Between the input shaft 1 and the output shaft 5 are interposedly arranged a torque sensor 13 and a speed reducer 15. The speed reducer 15 is connected to an electric motor 17. The torque sensor 13 serves to detect steering torque input to the system through the steering wheel 3 to generate a detection signal s13, which is then supplied to a control device 19. Then, the control device 19 generates a control signal s19 depending upon the so supplied detection signal s13, which control signal s19 is then supplied to the electric motor 17, so that the electric motor 17 carries out actuation or rotation corresponding to the steering torque. Thus, in the illustrated embodiment, it is merely required to carry out after the initial operation through the steering wheel 3, and the subsequent steering operation desired takes place substantially depending upon the rotation of the electric motor 17.

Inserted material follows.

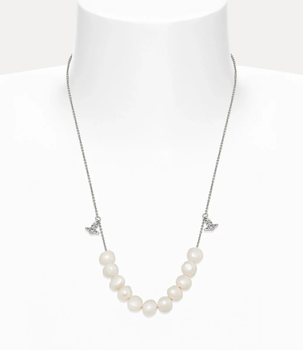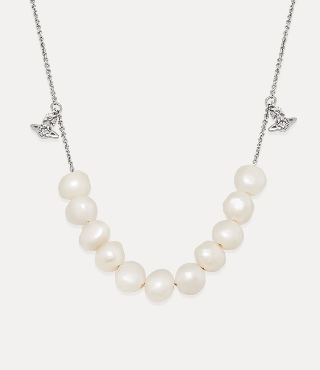 Las perlas siguen siendo un elemento esencial de la iconografía de la casa, evocando una sensación de lujo pasado. Nuestro collar Man. Azul presenta una fila de perlas barrocas de agua dulce ensartadas en una cadena traza, rematada con dos motivos esféricos colgantes a ambos lados del diseño.

Also to the control device 19 is input a rotation signal indicating the revolving speed of the outboard motor therefrom, which rotation signal cooperates with the detection signal or steering torque signal s13 to permit optimum control of the output to be carried out.

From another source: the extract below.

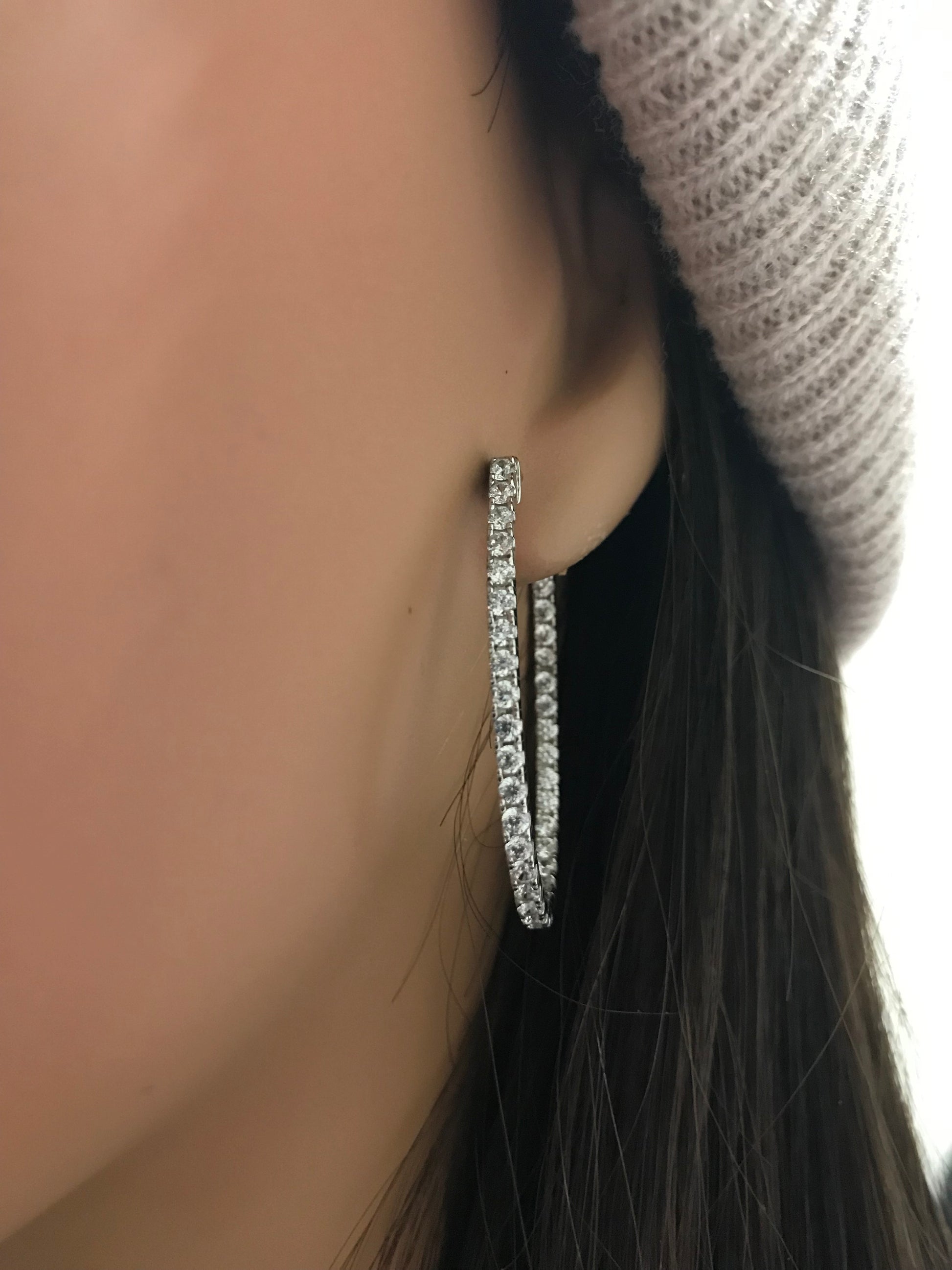 Sterling Silver Inside Out Teardrop Shaped CZ Hoop Earrings

In the illustrated embodiment, the torque sensor 13 comprises a planet gear type torque sensor, which will be detailedly described hereinafter with reference to FIGS. 2 to 5.
In the input shaft 1 is arranged a torsion bar 23. The torsion bar 23 is fixedly mounted at one end thereof on the input shaft 1 through a pin 25 and pressedly inserted or fitted at the other end thereof in the output shaft 5. Revolving force generated from the steering wheel 5 is transmitted through the input shaft 1 and torsion bar 23 to the output shaft 5, during which torsion is produced in the torsion bar 23 depending upon the operation force, resulting in relative rotation occurring between the input shaft 1 and the output shaft 5. The output shaft 5, as shown in FIG. 3, is provided with a stopper mechanism 26, which serves to prevent a failure of the torsion bar 23 due to excessive torsion. Also, the stopper mechanism 26 permits the steering system to be changed over to manual operation when the torsion bar 23 is damaged or broken.

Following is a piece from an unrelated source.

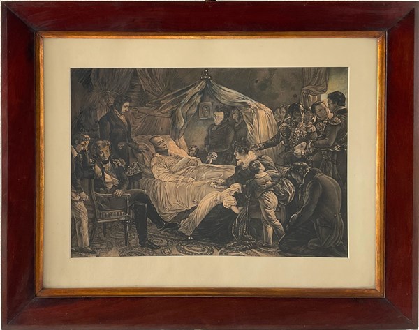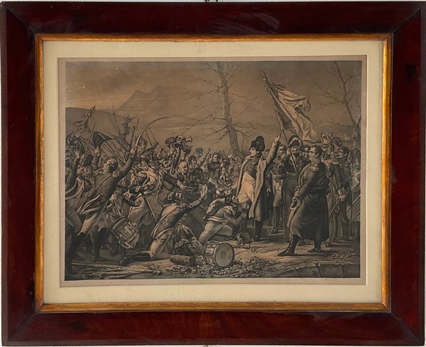 Coppia di stampe monocrome raffiguranti episodi della vita di Napoleone (cm 60x73) in cornici (difetti e restauri)

On the input shaft 1, as shown in FIG. 4, a sun gear 27 is rotatably fitted, with which are meshedly engaged three planet gears 29. The planet gears 29 are fixedly mounted on the input shaft 1. The planet gears 29 are also meshed or engaged with a common ring gear 31 arranged outside the planet gears 29. The ring gear 31 is formed at a predetermined position on the outer periphery thereof with a recess 33. The torque sensor 13 includes a spool 35, to which a pin 37 is connected in a manner to be in association with the recess 33. Also on the output shaft 5 are planet gears 41 are mounted as shown in FIG. 5. The planet gears 41 are engaged with the sun gear 27 and also engaged with a common ring gear 43 arranged outside the gears 41. The above-described gears are arranged in a gear box 45 and the ring gear 47 is fixed at the gear box 45 through a pin 47.
In the illustrated embodiment, the speed reducer 15 may comprise a plurality of gears. More particularly, as shown in FIG. 2, on a revolving shaft of the electric motor 17 is mounted a gear 49, which is then engaged with a drive gear 51 arranged coaxial with a gear 53. With the gear 53 is engaged a gear 55 which is mounted on the output shaft 5. Thus, rotation of the electric motor 17 is transmitted through the gear 9, drive gear 51, gear 53 and gear 55 to the output shaft 5 while being reduced through the gears.
Now the steering system of the illustrated embodiment constructed as described above will be described hereinafter.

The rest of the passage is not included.